Could every line of the listing be output exactly, with the pictures skipped?

Data extract:
◆ ◆ ◆ ◆
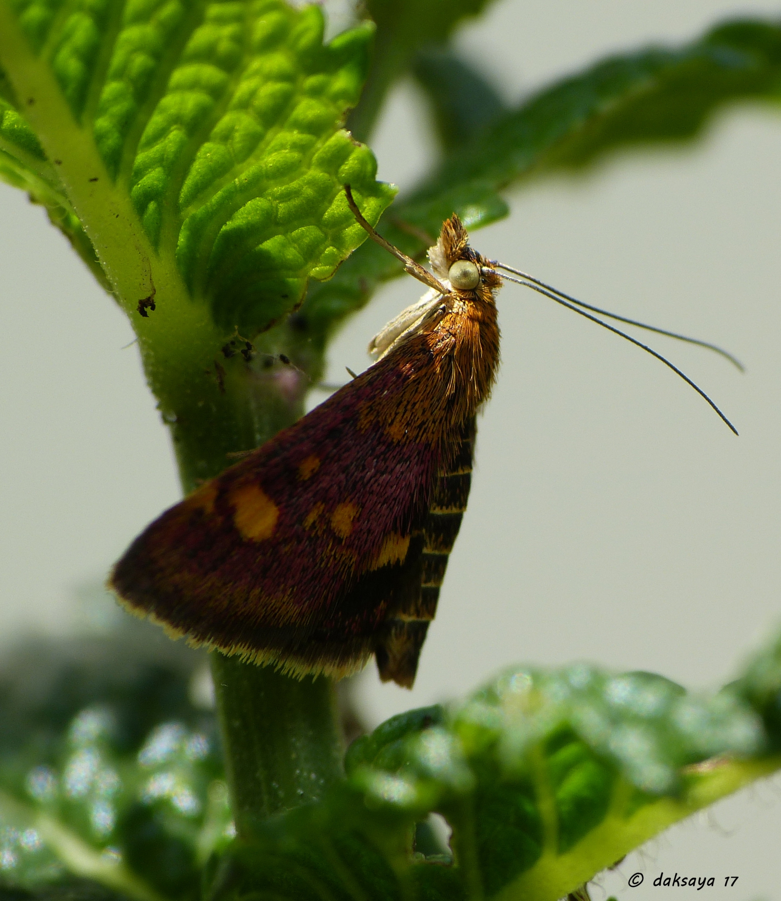 De rups is donkergroen met zwarte vlekken en leeft op wild kattenkruid (Neparia cataria) en andere geurige lipbloemigen zoals citroenmelisse (Melissa citronalis). De rupsen uit de tweede generatie overwinteren op deze planten en verpoppen zich nadien in een spinsel in de grond.
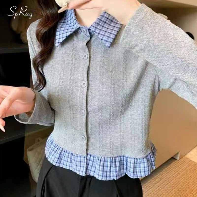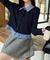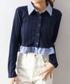 【SpRay チェック切替フェイクレイヤードカーディガン】
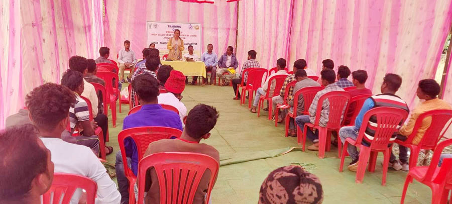 ICAR-IISWC, RC, Koraput organized training cum distribution programme on Promotion of high value vegetable crops by using jholakundi water under RKVY project (Assessment of performance of traditional water harvesting structure Jhola kundi in enhancing socio-economic status of tribals in Koraput district, Odisha) at village Chandalguda, block Dasmantpur, district Koraput on 13.12.2023. Initiating the training programme, Sh. Rishi Kumar, Watershed department welcome one and all present in the programme and briefed in details about the purpose of this training programme. Speaking on this occasion, Dr. Ch. Jyotiprava Dash, PI of the project briefed in details about technical aspects Jhola Kundi and urged the farmers to adopt the technology for their income generation and betterment of life. Dr. J. Lenka, Sci (Fruit Sci) explained about the high value vegetable crops and their cultivation and for higher productivity of crop. Also briefed on vermicomposting unit and preparation of vermicompost, dosage and application procedure of vermicompost, FYM and along with chemical fertilizer use in vegetable crops. Village head/Sarpanch, Chandalguda explained on different government schemes related to water use and safe use of water and fertilizers for betterment of future. A total of 52 farmers including farm women from Chandalguda, block Dasmantpur, Odisha participated in this training programme. During interaction session farmers query were clarified by scientists and technical officers of the research centre. The programme was coordinated by Dr. Ch. J Dash, and Dr. J Lenka.
◆ ◆ ◆ ◆
Written response:
 De rups is donkergroen met zwarte vlekken en leeft op wild kattenkruid (Neparia cataria) en andere geurige lipbloemigen zoals citroenmelisse (Melissa citronalis). De rupsen uit de tweede generatie overwinteren op deze planten en verpoppen zich nadien in een spinsel in de grond.
 【SpRay チェック切替フェイクレイヤードカーディガン】
 ICAR-IISWC, RC, Koraput organized training cum distribution programme on Promotion of high value vegetable crops by using jholakundi water under RKVY project (Assessment of performance of traditional water harvesting structure Jhola kundi in enhancing socio-economic status of tribals in Koraput district, Odisha) at village Chandalguda, block Dasmantpur, district Koraput on 13.12.2023. Initiating the training programme, Sh. Rishi Kumar, Watershed department welcome one and all present in the programme and briefed in details about the purpose of this training programme. Speaking on this occasion, Dr. Ch. Jyotiprava Dash, PI of the project briefed in details about technical aspects Jhola Kundi and urged the farmers to adopt the technology for their income generation and betterment of life. Dr. J. Lenka, Sci (Fruit Sci) explained about the high value vegetable crops and their cultivation and for higher productivity of crop. Also briefed on vermicomposting unit and preparation of vermicompost, dosage and application procedure of vermicompost, FYM and along with chemical fertilizer use in vegetable crops. Village head/Sarpanch, Chandalguda explained on different government schemes related to water use and safe use of water and fertilizers for betterment of future. A total of 52 farmers including farm women from Chandalguda, block Dasmantpur, Odisha participated in this training programme. During interaction session farmers query were clarified by scientists and technical officers of the research centre. The programme was coordinated by Dr. Ch. J Dash, and Dr. J Lenka.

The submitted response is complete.